Closed dipietrantonio closed 8 months ago
@dipietrantonio , would it be possible to separate this as three different pull requests? One for the rocm-mpich-base.dockerfile, one for the pytorch and a third for tensorflow? In that way, a fix for one will not block the others (if the others are ready).
For example, I think we are in perfect position of pulling the rocm one. Indeed, I think this is sort of "urgent". As many other images (ours, a users made) can be built FROM this one. By the way, in that one, maybe we should stick to rocm/5.6 due to driver compatibility.
In regards to the PyTorch one, I did not read carefully, but can that and also the Tensorflow ones start FROM the rocm-mpich one using dockerfiles?

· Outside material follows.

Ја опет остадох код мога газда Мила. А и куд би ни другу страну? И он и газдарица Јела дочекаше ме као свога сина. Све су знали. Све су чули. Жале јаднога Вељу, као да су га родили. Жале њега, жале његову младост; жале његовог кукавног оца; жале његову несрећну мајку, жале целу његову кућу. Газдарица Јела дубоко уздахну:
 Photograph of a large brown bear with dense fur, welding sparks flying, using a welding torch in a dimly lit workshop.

I mean:
FROM rocm-mpich-base:3.4.3_ubuntu22.04
Cheers.
Hi @AlexisEspinosaGayosso ,
would it be possible to separate this as three different pull requests?

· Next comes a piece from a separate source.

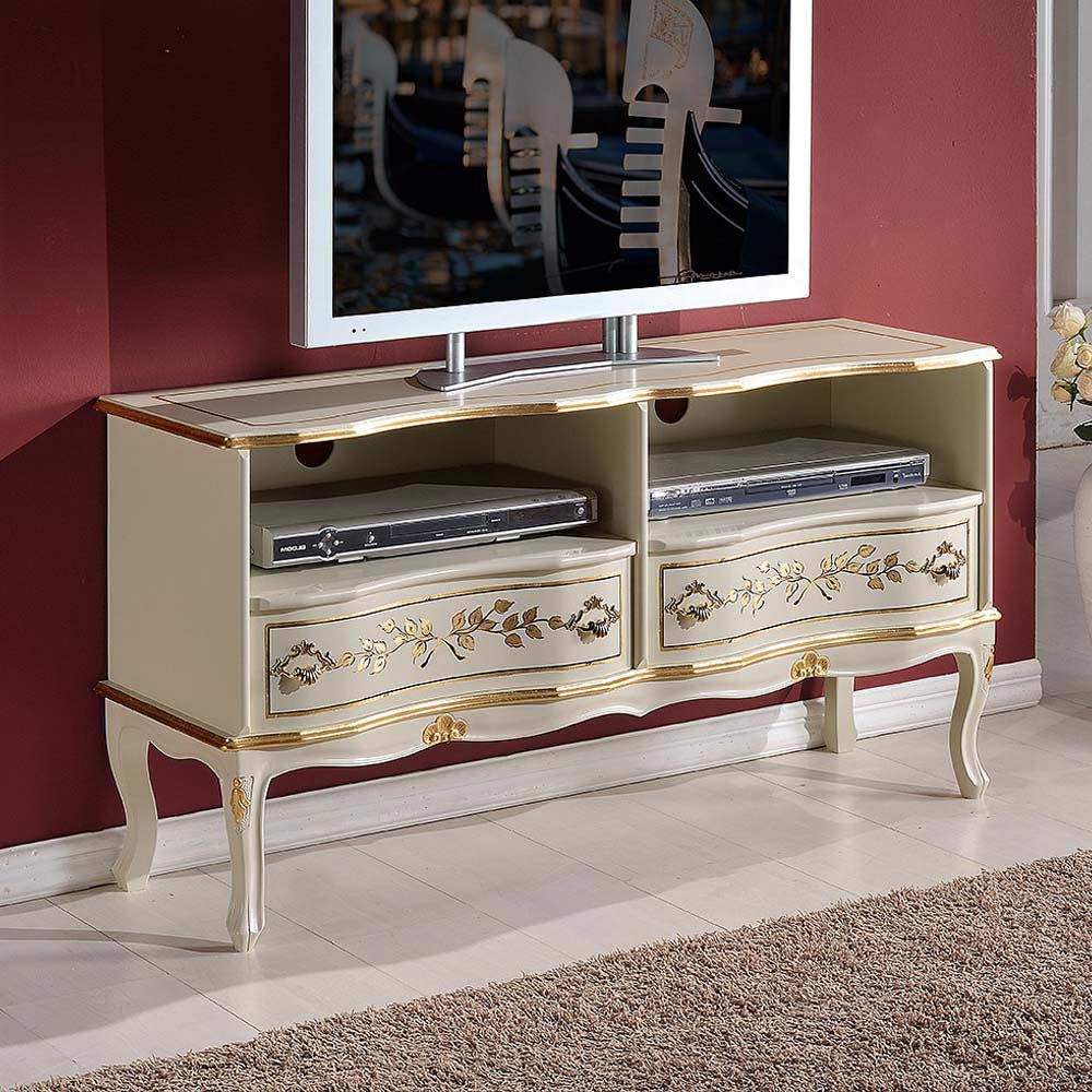 TV-Ständer aus Holz im klassischen Stil mit 2 Schubladen, hergestellt in Italien.

Yes I will do that, makes more sense.For example, I think we are in perfect position of pulling the rocm one.
I am still working on that one, testing a few remaining things. I hope I can push it today to our Pawsey repository.
I will update this PR to be just about the rocm-mpich-base
. I think the appropriate name should be ubuntu:22-rocm5.6.0-mpich3.4.3
as this is mainly a base Ubuntu image, containing a few needed libraries. We should have a discussion about naming conventions.

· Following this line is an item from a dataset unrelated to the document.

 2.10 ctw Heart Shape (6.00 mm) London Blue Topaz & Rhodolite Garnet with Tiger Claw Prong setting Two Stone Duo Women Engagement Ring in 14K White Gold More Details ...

@pelahi @AlexisEspinosaGayosso this PR is ready for review.
I install libfabric as a dependency of https://github.com/ROCmSoftwarePlatform/aws-ofi-rccl , which is needed for optimal performance of the ROCm Communication Collective Library (RCCL). So this is a AMD specific build. I might get away by installing lib fabric and aws-ofi-rccl on top of the mpich-lustre container. I will try.
I will prepare the equivalent docker files after having done more experimenting with it.